The index calculation for a periodic boundary condition requires an integer remainder operation, and the performance is degraded through this operation because the instruction on Xeon Phi processors is extremely slow compared with that of the Xeon CPU. When a field size has a power of 2, we can replace this operation with a logical AND instruction. The KNC performance of a stencil computation with a remainder operation is only 65% of that with a logical AND instruction for a masking operation. With explicit vectorization, they apply a table lookup instead of a remainder operation to avoid limiting the size to a power of 2. This method is slower than a logical AND, but is still faster than using a remainder operation.
The multiplication of complex values can be simplified within the stencil computation using intrinsics because one of the operands is a constant value of (0, −i). The vectorization performance on the KNC is degraded when the multiplication of complex variables is needed because it must be separately executed for the real and imaginary parts. The multiplication can be replaced with a twostep operation.
(1) Swap a real part for an imaginary part using a _mm512_shuffle_epi32 instruction. (2) Flip the sign bit of an imaginary part with a _mm512_xor_si512 instruction.
KNC performance results
In a KNC accelerator card, the stencil code optimization with explicit vectorization using a 512-bit SIMD instruction achieves a performance approximately 7.3 times better (212.2 GFLOPS) than the original code (29.0 GFLOPS), and the KNC was approximately two times faster than a socket CPU with an Ivy-Bridge architecture (106.9 GFLOPS). For the entire code, we can apply the Symmetric mode to combine the CPU and KNC resources together for a higher aggregated performance on each node, where the performance of the system is greatly enhanced under strong scaling. When compared with the same number of computing nodes, the KNC performed approximately 1.45 times better when compared to the CPU, and the performance of the Symmetric mode was approximately 2.16 times better than the CPU-only execution when maintaining the load balance between the CPU and KNC. Based on these results, we enhanced the code and evaluated the performance on KNL.

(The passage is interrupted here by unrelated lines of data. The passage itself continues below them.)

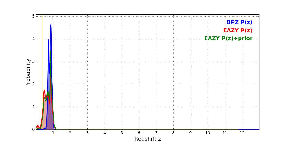 In P(z) plots: Yellow lines mark the cluster redshift z = 0.356,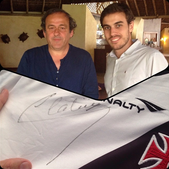 Que honra encontrar esse ícone do futebol mundial. Entreguei uma camisa do Vasco e me disse que seria a segunda dele, ja que em 82 ele comprou uma. #Platini #Vasco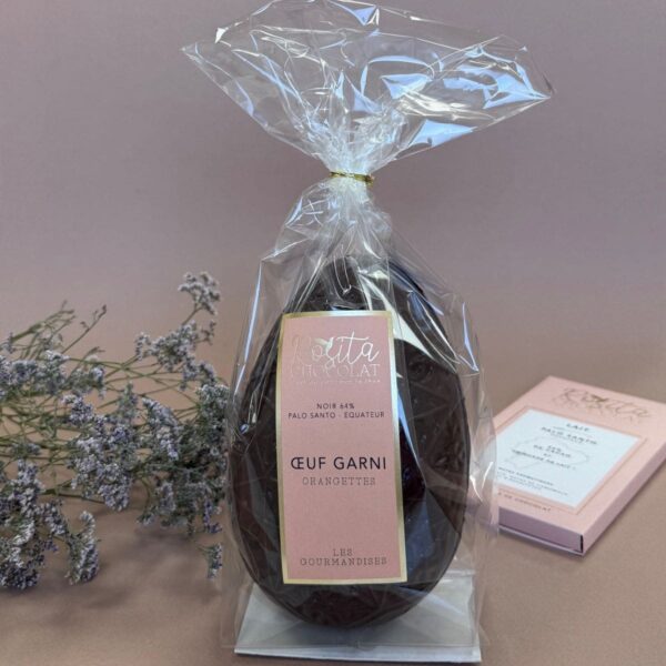 Œuf de Pâques au chocolat noir, Palo Santo, Équateur, garni d’orangettes. Il mesure 15 cm de hauteur 9 cm de largeur et a une épaisseur de 9 cm.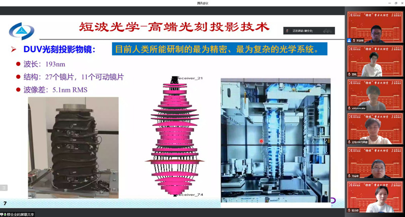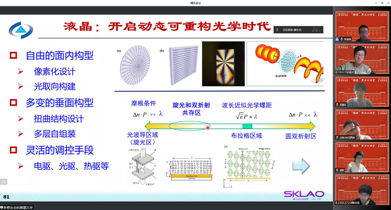 穆全全研究员以应用光学重点实验室研发光刻机涉及到的光学元器件和光学问题作为切入点,从光学器件的发展与变迁出发,围绕液晶光学调控技术领域,详细介绍了实验室近年来在液晶相位调控与自适应光学应用以及液晶PB相位超表面器件及其应用等领域所取得的研究成果。

INTEL KNIGHTS LANDING 4.1 Architecture
KNL is Intel's latest many-core processor, known as Xeon Phi (ManyIntegrated Core architecture, or MIC), following KNC. This section explains the important change from KNC. [12] provides more detailed information.

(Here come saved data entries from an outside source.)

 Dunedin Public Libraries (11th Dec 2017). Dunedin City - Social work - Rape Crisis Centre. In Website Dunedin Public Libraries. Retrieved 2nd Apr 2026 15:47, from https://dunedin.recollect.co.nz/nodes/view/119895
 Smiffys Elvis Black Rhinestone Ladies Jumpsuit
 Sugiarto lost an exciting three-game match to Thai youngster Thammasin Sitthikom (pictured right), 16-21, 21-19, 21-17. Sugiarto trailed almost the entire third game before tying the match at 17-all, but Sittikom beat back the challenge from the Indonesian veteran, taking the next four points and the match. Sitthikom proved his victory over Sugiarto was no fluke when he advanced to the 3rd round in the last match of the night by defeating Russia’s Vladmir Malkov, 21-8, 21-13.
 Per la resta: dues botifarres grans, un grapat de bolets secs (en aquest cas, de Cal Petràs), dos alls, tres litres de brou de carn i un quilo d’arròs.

• A socket-type processor is provided along with a PCIe card version.
• A chip is equipped with high-bandwidth memory called MC-DRAM.
• The intercore network is changed into a 2D mesh from the ring.

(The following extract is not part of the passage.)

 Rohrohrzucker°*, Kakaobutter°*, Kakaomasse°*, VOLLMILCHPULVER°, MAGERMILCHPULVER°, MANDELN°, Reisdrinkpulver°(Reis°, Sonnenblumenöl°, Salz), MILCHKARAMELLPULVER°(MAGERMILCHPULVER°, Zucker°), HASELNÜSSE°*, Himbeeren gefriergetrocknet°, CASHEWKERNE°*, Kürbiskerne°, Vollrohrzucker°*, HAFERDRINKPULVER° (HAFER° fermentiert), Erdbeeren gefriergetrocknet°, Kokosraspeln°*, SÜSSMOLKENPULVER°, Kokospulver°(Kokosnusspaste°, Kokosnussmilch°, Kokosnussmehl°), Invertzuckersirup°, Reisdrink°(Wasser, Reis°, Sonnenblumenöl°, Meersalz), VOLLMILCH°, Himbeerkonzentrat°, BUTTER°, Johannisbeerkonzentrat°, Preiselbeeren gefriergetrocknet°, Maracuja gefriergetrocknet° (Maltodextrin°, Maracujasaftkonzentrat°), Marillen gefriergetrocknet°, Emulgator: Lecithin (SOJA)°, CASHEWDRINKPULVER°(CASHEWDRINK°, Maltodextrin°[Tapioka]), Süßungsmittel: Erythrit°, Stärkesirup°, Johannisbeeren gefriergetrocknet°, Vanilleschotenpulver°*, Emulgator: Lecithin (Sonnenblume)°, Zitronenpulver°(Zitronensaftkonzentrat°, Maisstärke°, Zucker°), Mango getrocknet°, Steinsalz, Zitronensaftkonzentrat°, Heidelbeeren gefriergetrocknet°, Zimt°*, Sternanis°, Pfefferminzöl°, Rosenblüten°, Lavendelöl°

• Each core provides an AVX-512 instruction. 
Intel Knights Landing
3 D D R 4 C H A N N E L S PCIe Gen3 DMI 3 D D R 4 C H A N N E L
TILE

Figure 4: Example of Knights Landing cluster configuration (Oakforest-PACS)
• The aggregated performance is three times faster than KNC because of a larger number of cores, enhanced instruction set, and Turbo Boost technology.
Using a socket-type processor, we can build a KNL-standalone system similar to a traditional Xeon CPU cluster. Fig. 4 shows the chip configuration and an example cluster configuration. In addition to MCDRAM, the processor can be equipped with up to six channels of traditional DDR4 memory and communication devices such as an InfiniBand or Intel Omni Path Architecture. The system is much simpler than accelerated systems such as GPU clusters. The intercore network of KNL is changed into a 2D mesh instead of KNC's ring network. A pair of two cores called a "Tile" shares 1 MB of L2 cache. If the cache is used by two cores in a Tile evenly, the capacity is equivalent to a core of KNC. Each core is equipped with two vector processing units (VPU), each of which provides AVX-512 instructions and four hardware threads similar to KNC. A DDR4 memory controller and three memory channels are provided on the two sides of a chip. As the most important change for the application, MCDRAM with up to 480 GB/s of actual bandwidth is implemented with 16 GB of chip capacity.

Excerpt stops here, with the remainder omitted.